諾貝爾獎原創性工作的發表與趣聞(六) 吳曉波
桑格從劍橋生物化學畢業後留校做博士後,他也在瑞典的一個知名的蛋白質實驗室做過短暫的實驗。走出國門使桑格更能體會到劍橋的可貴,瑞典實驗室的老闆沒太多涉入實驗,就直接要求文章的署名;而桑格在劍橋的博後導師,既使為桑格選定胰島素的相關課題也拒絕在論文上放上自己的名字。所以桑格後來說,他 和瑞典老師合作發表的那篇 Nature 文章是他最不舒服的一篇文章。桑格後來在美國的西北大學也做過一至二個月的學術訪問,但他婉拒美國方面的任教邀請,返回劍橋並在那裡度過了整個學術生涯。
桑格是一位勤於動手的科學家,二項重大成就都是通過技術的突破取得的。他本人也承認,科學家的生涯中可能涉及的教學,行政和實驗研究,他僅對後面的一項精專,前面兩項都不行。在接受采訪時,桑格稱自己不喜歡作公開的演講,雖然聽過他講座的人說他的報告也很精彩。他在年鑑上總結自己一生的工作時索性以"測序,測序,測序"作為文章的題目,該題目也很好地概括了他從事的蛋白質, RNA 和 DNA 的測序研究。他給我們帶來的基因測序已經走出了分子生物學的技術範疇,甚至最終將會影響到歷史,人類學和社會學等人文或社會科學的領域。
桑格也不樂意坐下來寫文章,不僅他的研究論文就是回憶往事的文章,也具有科學家的平鋪直述的特徵,很" Dry "或"幹練",短的句子可以由六七個甚至四個英文單詞組成。桑格從研究生開始,四十年來一直處於實驗研究的一線而且成名又早,但是你在公共檢查系統能查到的他的論文和評述還不超過一百篇,並且一般很少的文章是多過五位作者的。桑格也在他的那篇年鑑文章中,對一位長期在他手下工作但沒能在文章中署名的技術人員表達了歉意。改革開放初期,上海生化所的洪國藩曾在桑格實驗室進修過,並獲桑格的高度評價後回國,但是由於桑格不喜歡著文的緣故,洪國藩在他實驗室可查到的文獻中只有一篇第三作者的文章。桑格很多里程碑的文章都是他為第一作者,這在美國是不可想像的,因為受訓者會覺得拿不到作為未來找工作的資本而放棄加入他的實驗室。這從另一側面說明,桑格並不太享受從頭到尾訓練學生或博士後的過程。

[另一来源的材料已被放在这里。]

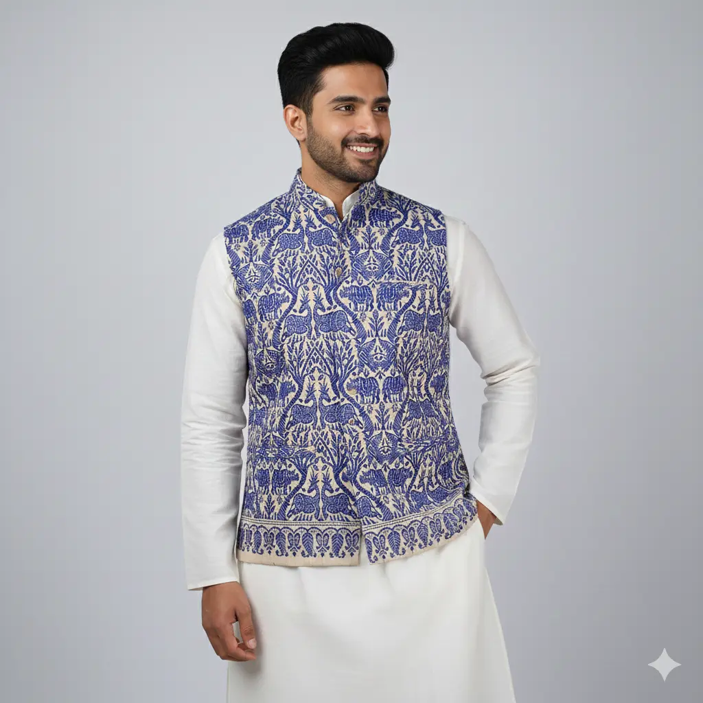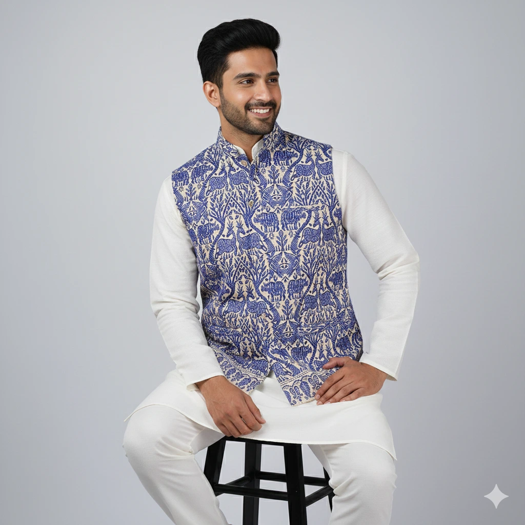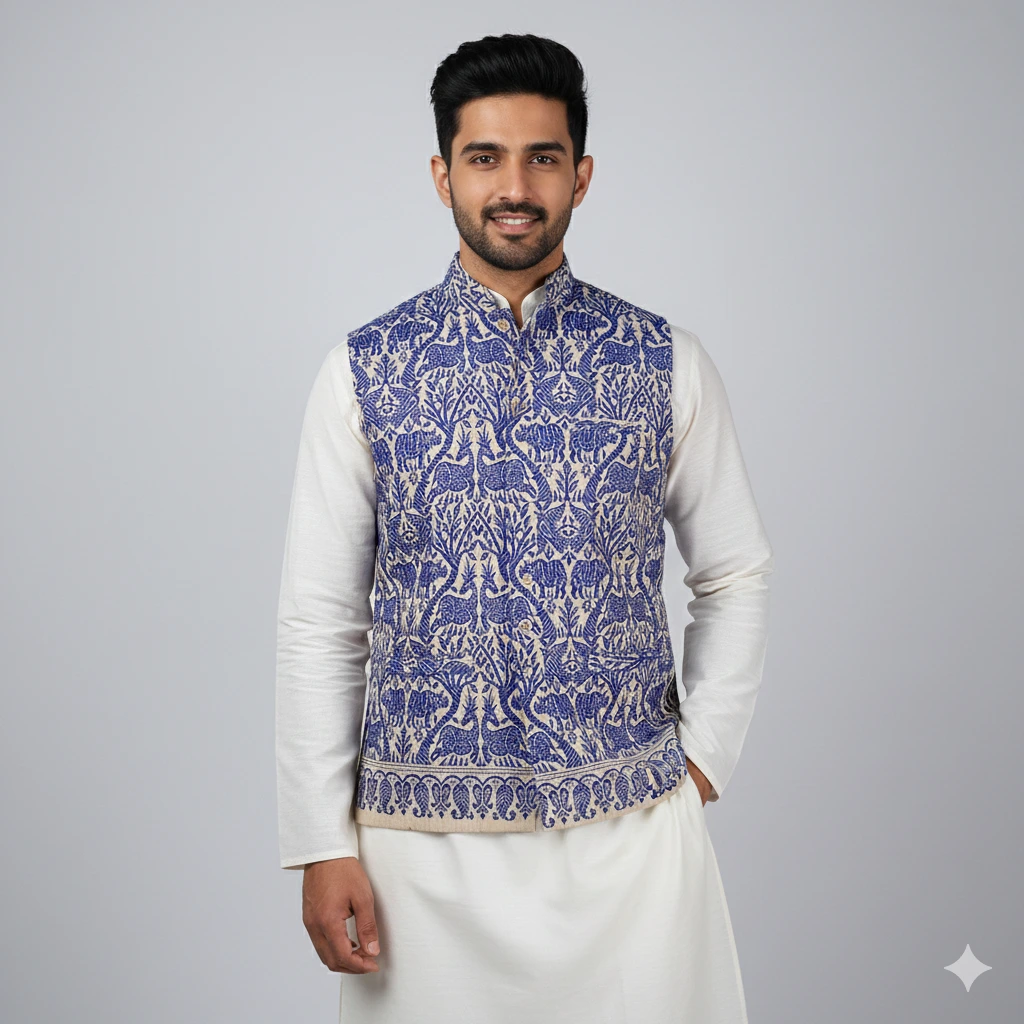 Bold, royal, and rooted in heritage—the Blue Baagh Jacket features majestic tigers, graceful deer, and leafy patterns in a striking indigo tone on earthy beige. This Modi jacket reflects the courage of the wild and the beauty of Indian craft, making it ideal for festive or semi-formal ethnic occasions.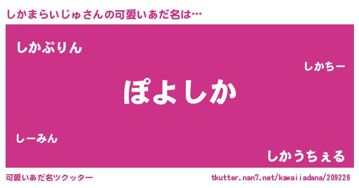 | ヘコむあだ名 | 『酢こんぶ』『しかまらいじゅ(遠い目)』 |
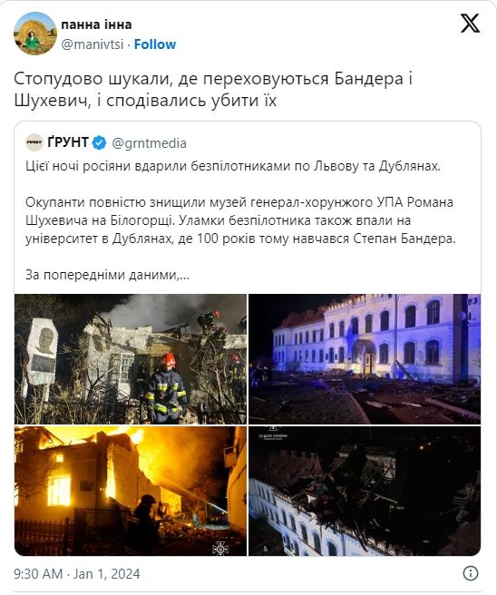 Ведущий 24 Канала Андрей Дрозда также прокомментировал циничную атаку и отметил, что музей и университет, в котором когда-то учился Бандера, россияне считают для себя "не менее опасными, чем аэродромы или милитарные заводы".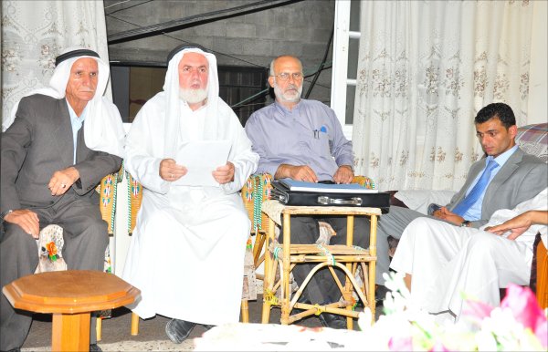 السادة: العريس، المأذون، الشيخ مازن الأغا، والد العروس

但是在英格蘭當時的那個學術環境裡,桑格有資本和機會這樣做。首先,他的胰島素獲獎的工作是靠博士後的資助完成的,博後的導師又那麼豁達;隨後他擁有的是幾乎不需要申請研究經費的永久職位,桑格可 以按照他的喜好將研究組始終維持在學生和博後都較少的狀況 。桑格不願意像巴爾的摩那樣做桃李滿天下的 Empire Builder ,但他培養的第一個博士生 Porter 就成為後來的諾貝爾獎得主。
桑格嚴格遵守英國的 65 歲退休制度,他的這一決定使很多人詫異,他說他自己也覺得來得突然。他說他這般年齡還做研究,如果達不到他期望的水準,他自己也會覺得不安,還不如把位置騰出來給年輕人。熟悉他的人說他是真正意義上的退休,就像退休那天,他放下了加樣器然後離開了實驗室一樣。你也能從此描述中體會到桑格一直是位親手做實驗的科學家。
人類基因組計劃的三十億鹼基測序的技術是以桑格的酶學法為基礎的。桑格允許 Wellcome 基金會用他的名字在劍橋的郊外成立以基因測序和基因組研究為重心的桑格研究所,這種勞動密集型的研究所動則幾百人,在美國和歐洲都曾經是拿政府經費的大戶。這與桑格發明測序方法的 PNAS 文章的三位作者反差是巨大的,桑格也說他完全沒有能力領導這樣的近似生產流水線的基因組測序機構。據參觀過桑格研究所的科學家說,該研究所的一項觀光項目是用旅遊車帶大家從那裡去欣賞桑格退休後精心培育的花園,看來桑格做什麼事情都會做出名堂來。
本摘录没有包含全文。